*Dataset excerpt*.

══════════════════════════════

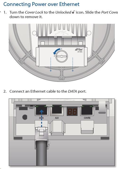 Ubiquiti airFiber AF24 je určený pro páteřní spoje, pracuje v nelicencované pásmo 24 GHz s reálnou propustností až 1,4 Gbps! Jednotka je vybavena dvěma parabolickými anténami z nichž jedna slouží pro příjem a druhá pro vysílání dat, technologie MIMO. Na výběr je několik režimů činnosti: FDD (Frequency Division Duplex) a HDD (Hybrid Division Duplex), díky kterým airFiber dosahuje vysoké rychlosti a spektrální účinnost. HDD systém nabízí nízké latence FDD systémů a spektrální účinnost TDD systémů. Podporován je Full Duplex i Half Duplex režim, transparentní L2 bridge a AES-128 bitové kryptování.
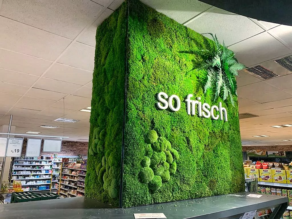 Auf Wunsch erweitern wir Ihre Mooswand um Beleuchtung, Markenfarben oder CI-konforme Formen – für ein Design, das Ihre Markenidentität sichtbar macht.
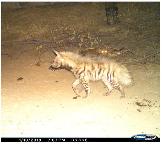 - Hadad, E.; Yosef, R. Unusual intra-specific aggression in Striped Hyena. Acta Ethologica 2025, 1–4. [Google Scholar] [CrossRef]

══════════════════════════════

*Problem*. Write out the data again word for word, minus any images.

*Written reply*.
 Ubiquiti airFiber AF24 je určený pro páteřní spoje, pracuje v nelicencované pásmo 24 GHz s reálnou propustností až 1,4 Gbps! Jednotka je vybavena dvěma parabolickými anténami z nichž jedna slouží pro příjem a druhá pro vysílání dat, technologie MIMO. Na výběr je několik režimů činnosti: FDD (Frequency Division Duplex) a HDD (Hybrid Division Duplex), díky kterým airFiber dosahuje vysoké rychlosti a spektrální účinnost. HDD systém nabízí nízké latence FDD systémů a spektrální účinnost TDD systémů. Podporován je Full Duplex i Half Duplex režim, transparentní L2 bridge a AES-128 bitové kryptování.
 Auf Wunsch erweitern wir Ihre Mooswand um Beleuchtung, Markenfarben oder CI-konforme Formen – für ein Design, das Ihre Markenidentität sichtbar macht.
 - Hadad, E.; Yosef, R. Unusual intra-specific aggression in Striped Hyena. Acta Ethologica 2025, 1–4. [Google Scholar] [CrossRef]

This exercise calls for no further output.